First law states that energy cannot be generated and cannot be destroyed, whereas, this law describes that the quality of matter/energy deteriorates gradually over time. It is further explained that during work, useable energy is used and a portion of useable energy is converted into unusable energy. There is an increase in the unusable energy, which is denoted as entropy. The second law of thermodynamics represents an idea which is quite common and experienced by every one. This law explains the direction, which is unique and works under the action of thermodynamics force. It was not told to people that in case when no pump is used, gravitational force is responsible of water flow from a higher point to a lower point. People discovered the earth's gravitational force by different experiments moreover observed that the rate of transfer increases with an increase in the difference in elevation. Since its reverse never happened, same is our experience about the flow of heat from hot item to cold item. We found analogous examples in case of heat transfer.

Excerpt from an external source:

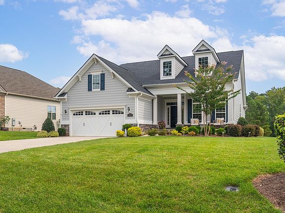 Welcome to 7512 Hasentree Way in the prestigious Hasentree Golf Community! This home welcomes you with an abundance of natural light in its open, one-story floor plan. Step into the tranquility of a three season porch and explore the outdoor haven of a custom deck and patio, embraced by lush landscaping, private fence, and expansive golf course views! Inside, indulge in upgraded features including custom-made curtains and blinds, contemporary ceiling fans, and upgraded glass and tile flooring in the porch. The kitchen shines with pendant lighting, while a primary bedroom closet renovation enhances organization. There is no shortage of storage with the walk-up attic! This home embodies thoughtful design and comfort at every turn. Make 7512 Hasentree Way your dream home. Welcome to refined living!

We observe that rate of heat transfer increases when difference of temperature between two items is high and keep on decreasing until there is no difference of temperature. This observation leads scientist to develop a theory that temperature difference is the main reason of heat transfer. To derive this theory no theoretical knowledge was required. Heat transfer phenomenon was observed and more factors were added, like, area of contact, direction and formally a idea was completed, which is called second law of thermodynamics (Leland, 2009).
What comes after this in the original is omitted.